With a shake Temple struggled to regain his senses, but then the weight lifted from him and someone grabbed his arm. He shook the hand off, but then realized that Abe was trying to raise him.
He nodded to Abe and let him drag him to his feet. Three of the men were lying on the ground while the fourth had been shoved off him. Abe and Temple moved in on this man. They slapped the man one way and then the other before Abe delivered the blow that sent him spinning to the ground. While standing over the prone man Temple faced Emerson, the sole man left for them to defeat who remained upright.
“Now, if it’s all the same with you, we’ll see Walt,” Temple said.
The grounded men were getting to their feet while groaning; so to avoid the distraction of a second round of their fight, Temple turned and with Abe at his side he headed to the door. He knocked but, as the men were now closing in on him, he went straight in.
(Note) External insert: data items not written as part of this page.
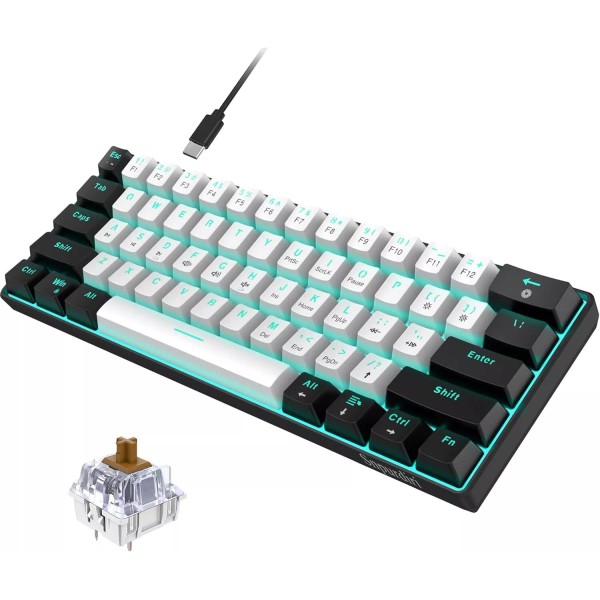 Snpurdiri 60% Wired Mechanical Gaming Keyboard (Black-White, Brown Switches)
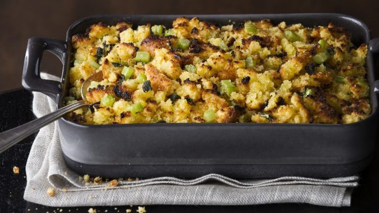 If you want your stuffing to taste like nachos (c’mon, who doesn’t?), take it South of the Border with this Mexican twist on the traditional. The addition of queso, spicy chorizo, and crunchy tortilla chips is the perfect blend of textures and flavors to pull you out of the funk of your old stuffing recipe. Wash it down with a margarita and be grateful for tequila when your Uncle Bill starts talking politics.
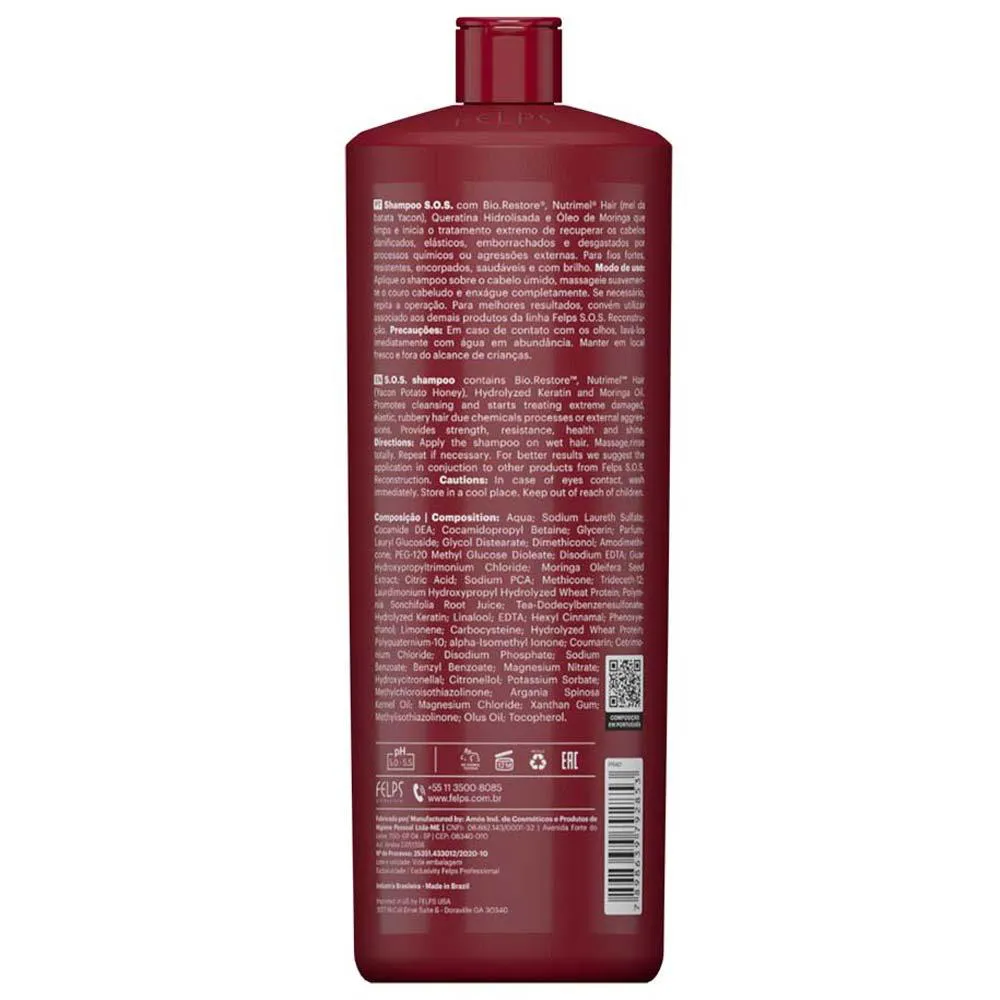 O Shampoo Felps Profissional S.O.S higieniza com suavidade e eficiência, para que o couro cabeludo se mantenha saudável e os cabelos possam ganhar resistência e maleabilidade. Com Óleos de Moringa e de Argan, Keratina Enzimática e Mel de Batata entre os principais ingredientes da fórmula, o shampoo assegura brilho, balanço, toque sedoso e aparência extraordinária.

Two paces in he came to a sudden halt. A prone body lay in front of the door. Blood had pooled around the head, bright and fresh, the scalp was matted and the skull was caved in.
“The Prairie Man got to him first,” Temple said to himself.
Chapter Eight
The night was warm and it was one that Temple would enjoy normally, if it weren’t for the fact this was the last one Hank might see. Earlier, after the discovery of Walt’s body, another confrontation had developed over who should report the news to the lawman.
Emerson had been adamant it should be a friend of Walt’s rather than the Rangers. Temple hadn’t had the enthusiasm for another fight, so he’d relented. He had returned to Hank’s house, where he’d told Luther to take his horse and head into town.
Now Luther would be examining the jailhouse to work out how they could mount a jailbreak. When he returned, Temple would go into town to talk to Sheriff Simmons and find out whether the recent events had swayed him.
Despite the situation moving on apace, he doubted that that would be so, and no matter how much he pondered he could make no progress in finding the solution to a mystery that felt as if it were tantalizingly close. Emerson had been worried that the Prairie Man had returned and a new death supported this possibility.